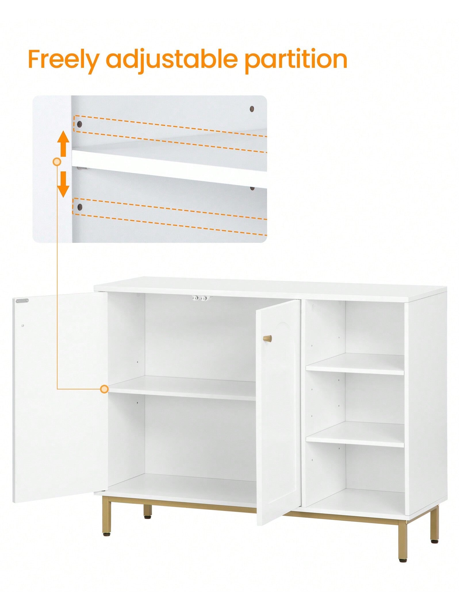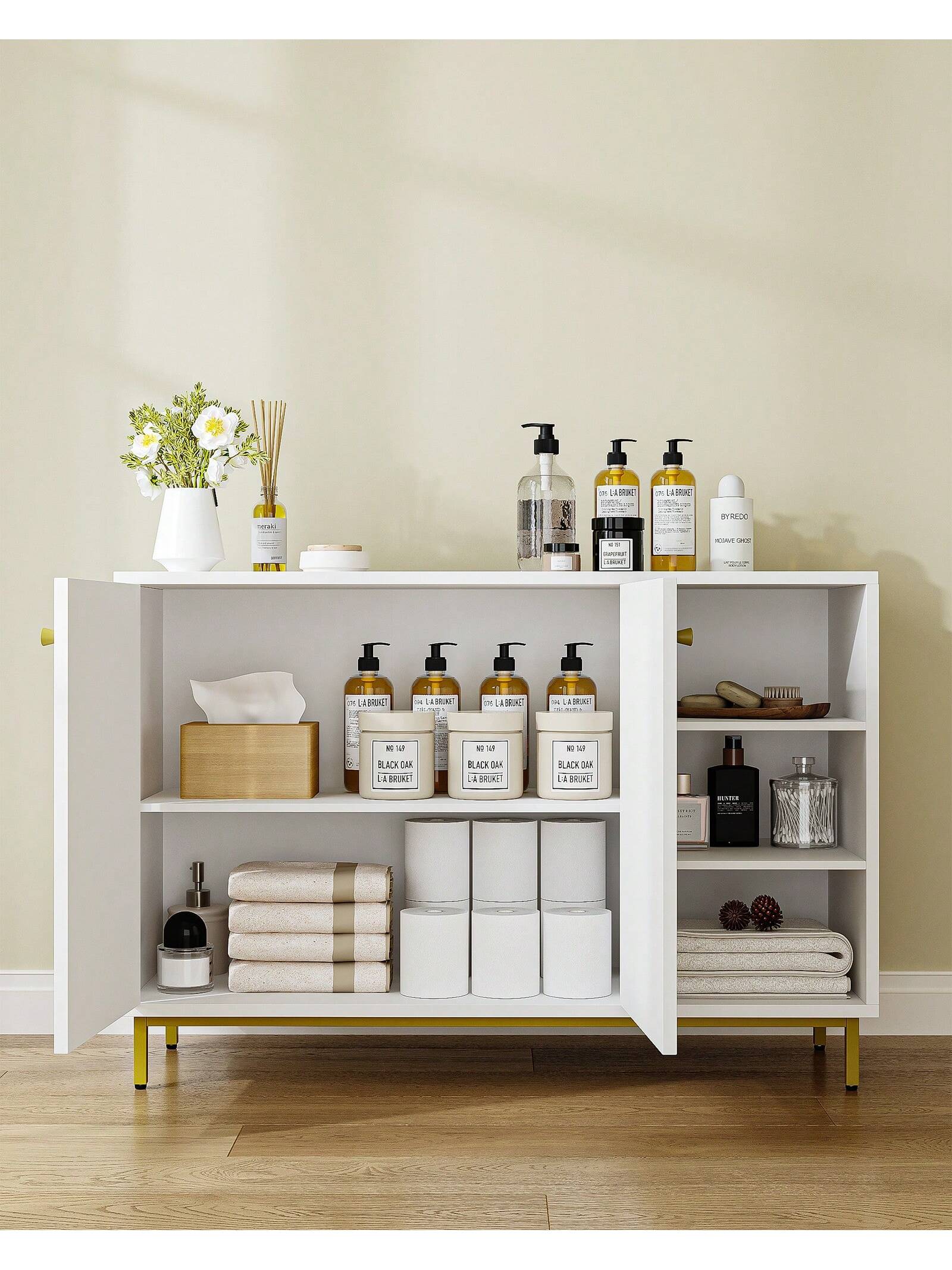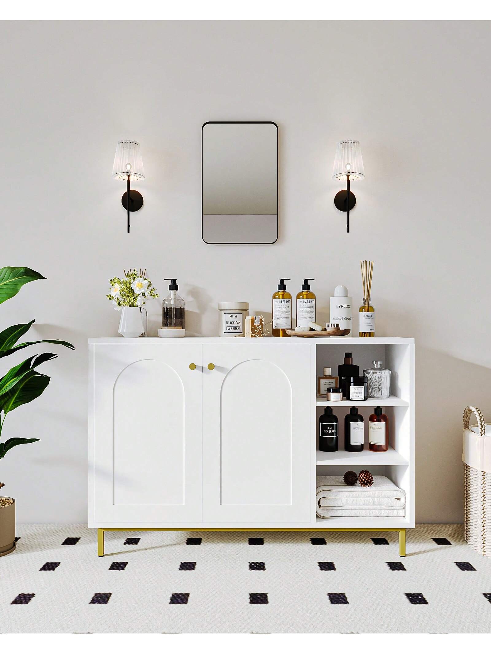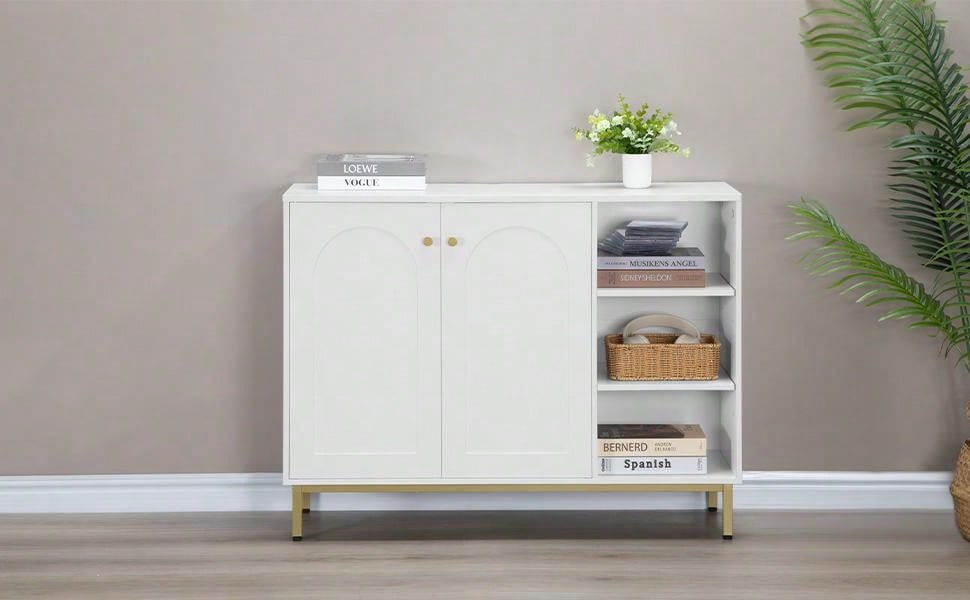 [Design unico]Il classico colore bianco, il design minimalista, le porte ad arco e le gambe dorate rendono questo mobile da pavimento un complemento alla moda per l'arredamento di qualsiasi stanza, sia essa il bagno,
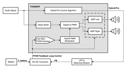 為了在不影響輸出功率的情況下提高效率,TI推出了在DSP中采用Hybrid-Pro算法的TAS5825P D類音頻放大器,該放大器通過(guò)連續(xù)分析輸入的音頻信號(hào)并向外部直流/直流轉(zhuǎn)換器提供脈寬調(diào)制反饋,可提高系統(tǒng)效率并降低沒(méi)必要的損耗。利用反饋,直流/直流轉(zhuǎn)換器可在音頻峰值需要時(shí)增大電源電壓,并在不需要更高的輸出功率時(shí)降低電源電壓。該功能可在低音量播放音頻時(shí)降低功耗并提高效率,同時(shí)不會(huì)限制放大器提供最大輸出功率的能力。圖1顯示了TAS5825P的方框圖。
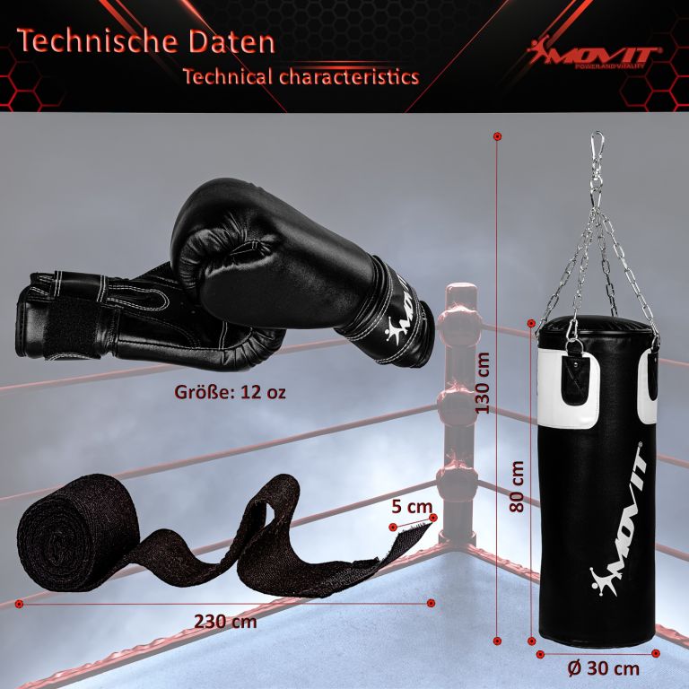 Bezpečná a robustná oceľová reťaz s päťbodovým zavesením pre bezpečné uchytenie, nylonové slučky pre upevnenie reťaze sú navyše zaistené nitmi. Boxerské rukavice majú fixáciu palca, sú polstrované penou a vybavené otvormi na vzduch a suchým zipsom.
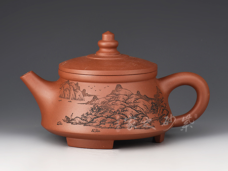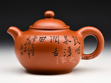 A面: 裝飾: 素刻詩詞 裝飾者:喻繼高 裝飾內(nèi)容: 壺身正面篆刻的是“清香”兩個字,筆觸蒼勁,靈秀俊逸。
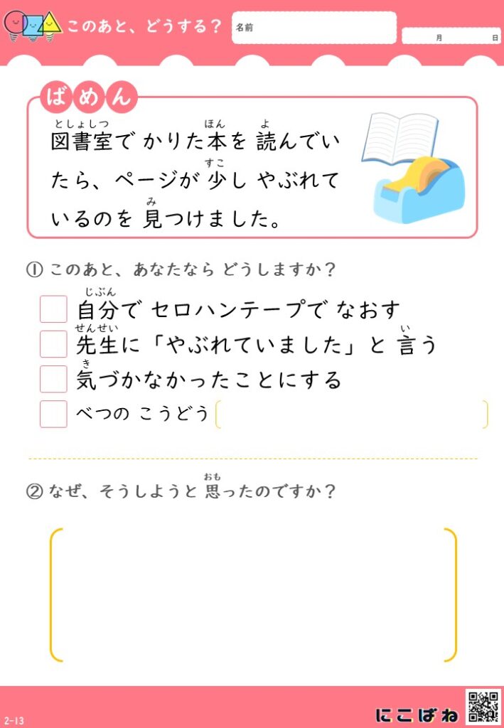 - 短い文章+選択式+理由記入の構成で、読む→選ぶ→考えを言葉にする流れを自然に体験できます。
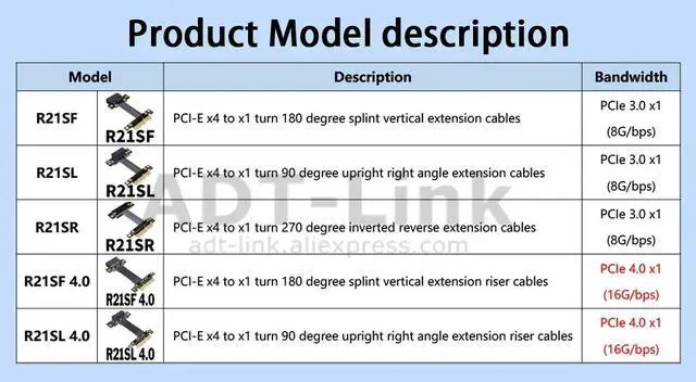 R21SF 4.0 , R21SL 4.0 (PCIe4.0 x1 , 16G/bps (Max.))
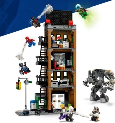 Le bâtiment Daily Bugle à quatre étages ravira les fans de MARVEL et de LEGO. Une façade réaliste dans des tons beige et gris, un escalier de secours latéral et un grand panneau publicitaire sur le toit composent le décor parfait pour les affrontements entre héros et méchants. Au rez-de-chaussée, découvrez l’entrée de la rédaction et un kiosque à journaux stylé avec feu de signalisation et boîte aux lettres pour parfaire l’atmosphère urbaine.
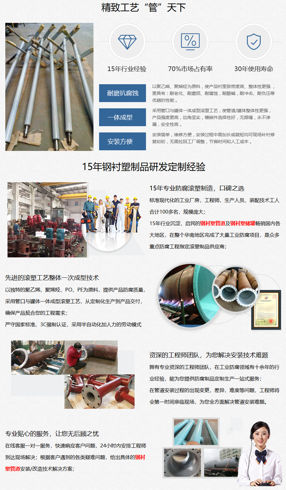 15年专注钢衬塑管道/储罐制造 为您提供钢衬塑防腐制品一站式定制服务
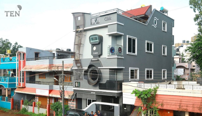 மேலும் மூன்று அடுக்குகளை கொண்ட இந்த வீடு, DSLR கேமராவுக்கான அனைத்து அம்சங்களையும் கொண்டு வடிவமைக்கப்பட்டுள்ளது. லென்ஸ், ஃபிளாஷ், படச்சுருள் வடிவங்கள் இந்த வீட்டின் முகப்பில் இடம்பெற்றுள்ளன.
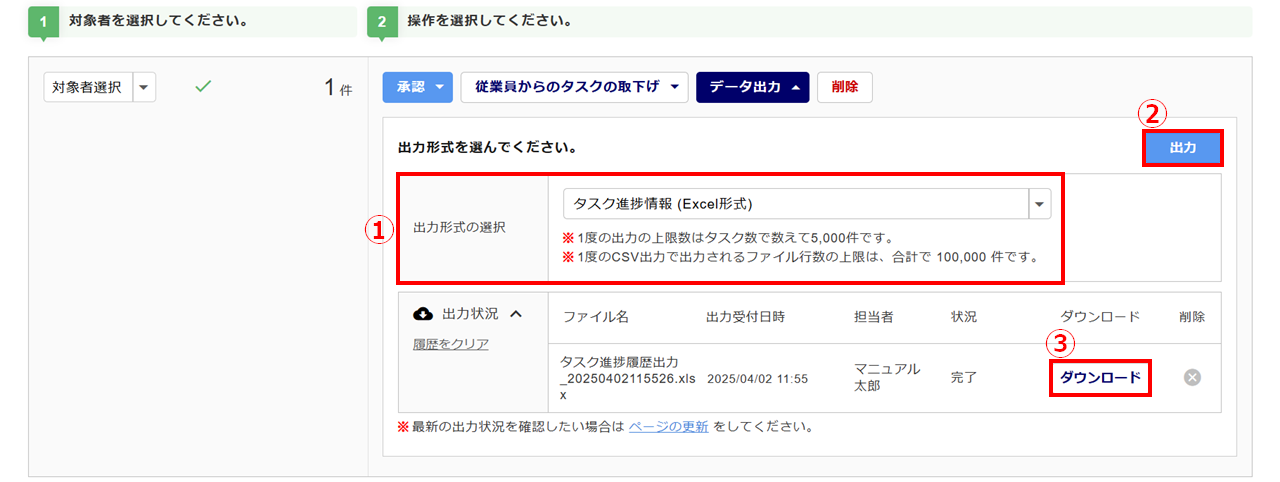 「出力状況」欄が表示されます。[ダウンロード](③)をクリックすると、ファイルをダウンロードできます。

## Instructions to follow
Every line from the one containing "மேலும் மூன்று அடுக்குகளை" through the last line of the records is to be reproduced exactly, with pictures left out and nothing else given.

## Solution to the problem
 மேலும் மூன்று அடுக்குகளை கொண்ட இந்த வீடு, DSLR கேமராவுக்கான அனைத்து அம்சங்களையும் கொண்டு வடிவமைக்கப்பட்டுள்ளது. லென்ஸ், ஃபிளாஷ், படச்சுருள் வடிவங்கள் இந்த வீட்டின் முகப்பில் இடம்பெற்றுள்ளன.
 「出力状況」欄が表示されます。[ダウンロード](③)をクリックすると、ファイルをダウンロードできます。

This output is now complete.